**TO DO**
Set down exactly the lines below between the line holding "ルームウェア レディース 部屋着" and the line holding "안다르는 ‘스트레치유어스토리’ 론칭에", inclusive; no other line belongs in the answer.

[Opening GIVEN ENTRIES section]

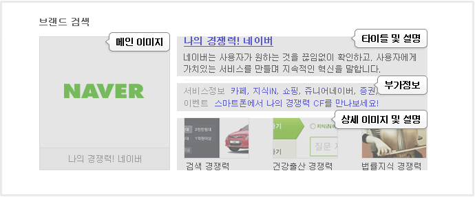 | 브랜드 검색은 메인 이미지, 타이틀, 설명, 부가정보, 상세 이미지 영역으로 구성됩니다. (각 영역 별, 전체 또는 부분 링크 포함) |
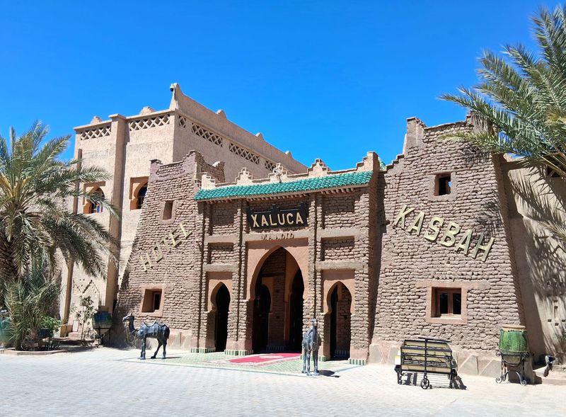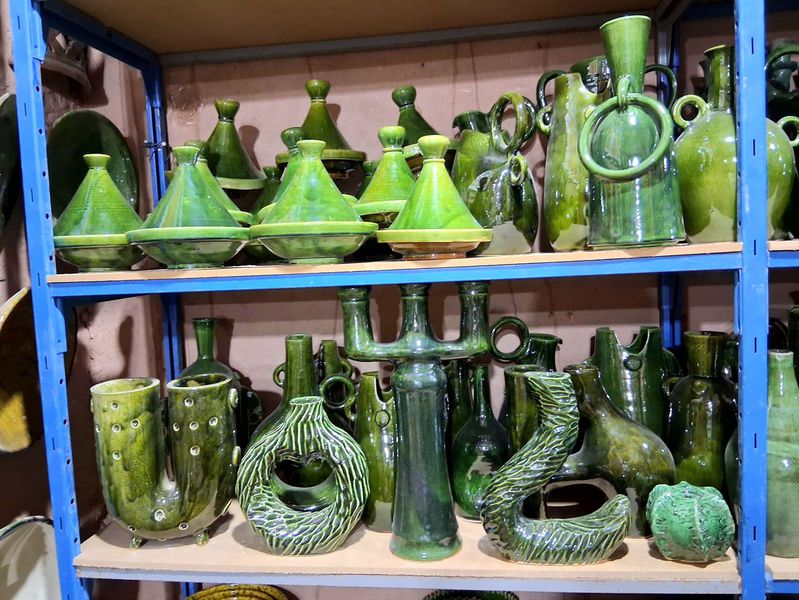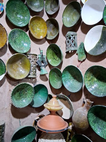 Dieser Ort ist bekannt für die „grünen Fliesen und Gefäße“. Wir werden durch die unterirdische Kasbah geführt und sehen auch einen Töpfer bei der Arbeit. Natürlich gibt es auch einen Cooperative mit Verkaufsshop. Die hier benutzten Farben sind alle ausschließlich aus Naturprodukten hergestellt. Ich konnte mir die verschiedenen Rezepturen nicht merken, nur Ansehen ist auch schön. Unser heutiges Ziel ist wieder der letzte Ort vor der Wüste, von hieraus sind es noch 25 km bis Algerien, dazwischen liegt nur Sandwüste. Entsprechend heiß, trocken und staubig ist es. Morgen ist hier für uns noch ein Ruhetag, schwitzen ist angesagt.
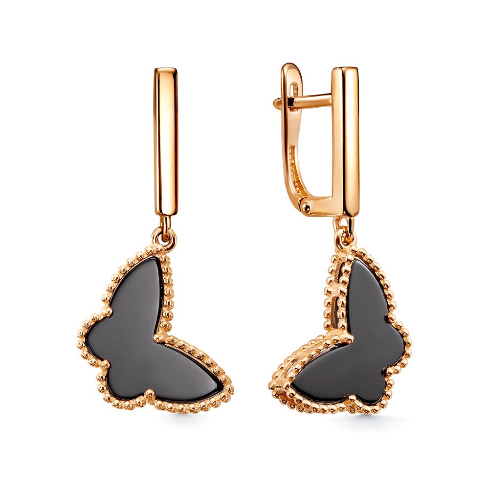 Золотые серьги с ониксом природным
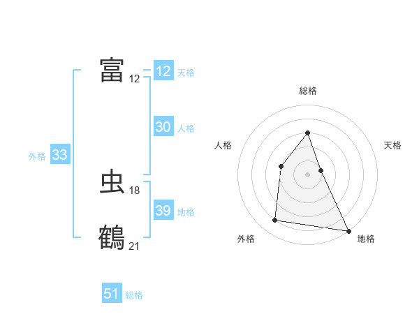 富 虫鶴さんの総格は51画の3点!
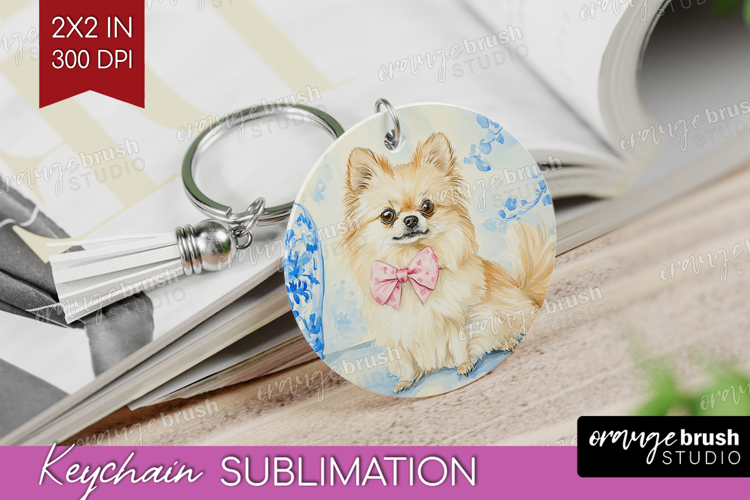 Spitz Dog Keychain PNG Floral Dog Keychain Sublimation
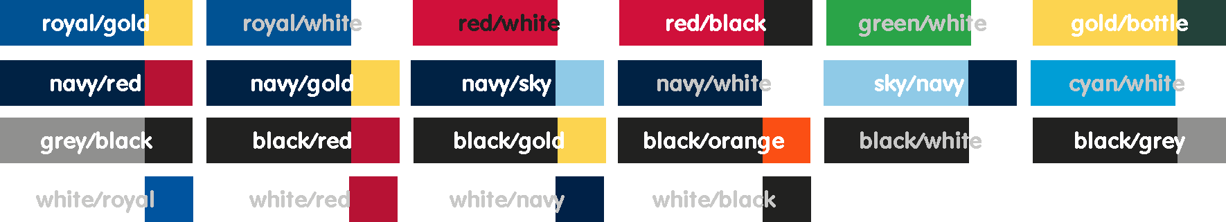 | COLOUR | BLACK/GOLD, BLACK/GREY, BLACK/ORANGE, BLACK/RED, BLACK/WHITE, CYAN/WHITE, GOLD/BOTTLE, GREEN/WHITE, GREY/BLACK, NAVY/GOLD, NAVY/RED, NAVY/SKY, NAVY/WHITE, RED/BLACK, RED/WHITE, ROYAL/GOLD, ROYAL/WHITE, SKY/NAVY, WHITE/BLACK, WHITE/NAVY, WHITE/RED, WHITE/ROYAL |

[Closing GIVEN ENTRIES section]
[Opening GIVEN ENTRIES section]

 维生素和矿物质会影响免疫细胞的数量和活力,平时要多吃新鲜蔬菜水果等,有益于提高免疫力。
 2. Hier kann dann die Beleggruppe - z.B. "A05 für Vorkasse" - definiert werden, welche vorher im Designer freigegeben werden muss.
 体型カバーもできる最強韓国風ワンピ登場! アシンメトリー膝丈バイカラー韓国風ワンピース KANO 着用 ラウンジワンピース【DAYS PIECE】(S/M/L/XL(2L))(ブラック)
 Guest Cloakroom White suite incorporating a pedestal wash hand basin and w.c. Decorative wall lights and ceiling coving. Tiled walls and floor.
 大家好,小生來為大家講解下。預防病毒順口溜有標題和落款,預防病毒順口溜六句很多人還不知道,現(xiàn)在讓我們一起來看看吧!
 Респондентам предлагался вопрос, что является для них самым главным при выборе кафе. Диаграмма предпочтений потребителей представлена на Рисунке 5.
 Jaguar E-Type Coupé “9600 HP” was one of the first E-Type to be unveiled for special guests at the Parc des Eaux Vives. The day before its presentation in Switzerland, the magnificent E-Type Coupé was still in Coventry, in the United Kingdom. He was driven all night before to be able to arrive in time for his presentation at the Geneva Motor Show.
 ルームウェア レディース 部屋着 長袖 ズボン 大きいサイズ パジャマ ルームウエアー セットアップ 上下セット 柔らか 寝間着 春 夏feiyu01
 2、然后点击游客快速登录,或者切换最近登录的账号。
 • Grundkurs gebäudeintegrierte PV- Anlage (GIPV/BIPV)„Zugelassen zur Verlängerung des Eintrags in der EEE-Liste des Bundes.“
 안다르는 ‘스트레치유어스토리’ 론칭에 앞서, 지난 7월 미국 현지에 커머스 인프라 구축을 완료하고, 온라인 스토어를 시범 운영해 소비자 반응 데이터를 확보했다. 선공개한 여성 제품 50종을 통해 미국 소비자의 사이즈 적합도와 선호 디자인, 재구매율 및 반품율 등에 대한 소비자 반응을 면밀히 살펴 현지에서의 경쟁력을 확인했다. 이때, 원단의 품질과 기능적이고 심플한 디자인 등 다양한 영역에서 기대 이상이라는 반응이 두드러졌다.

[Closing GIVEN ENTRIES section]

**RESPONSE TO THIS EXERCISE**
 ルームウェア レディース 部屋着 長袖 ズボン 大きいサイズ パジャマ ルームウエアー セットアップ 上下セット 柔らか 寝間着 春 夏feiyu01
 2、然后点击游客快速登录,或者切换最近登录的账号。
 • Grundkurs gebäudeintegrierte PV- Anlage (GIPV/BIPV)„Zugelassen zur Verlängerung des Eintrags in der EEE-Liste des Bundes.“
 안다르는 ‘스트레치유어스토리’ 론칭에 앞서, 지난 7월 미국 현지에 커머스 인프라 구축을 완료하고, 온라인 스토어를 시범 운영해 소비자 반응 데이터를 확보했다. 선공개한 여성 제품 50종을 통해 미국 소비자의 사이즈 적합도와 선호 디자인, 재구매율 및 반품율 등에 대한 소비자 반응을 면밀히 살펴 현지에서의 경쟁력을 확인했다. 이때, 원단의 품질과 기능적이고 심플한 디자인 등 다양한 영역에서 기대 이상이라는 반응이 두드러졌다.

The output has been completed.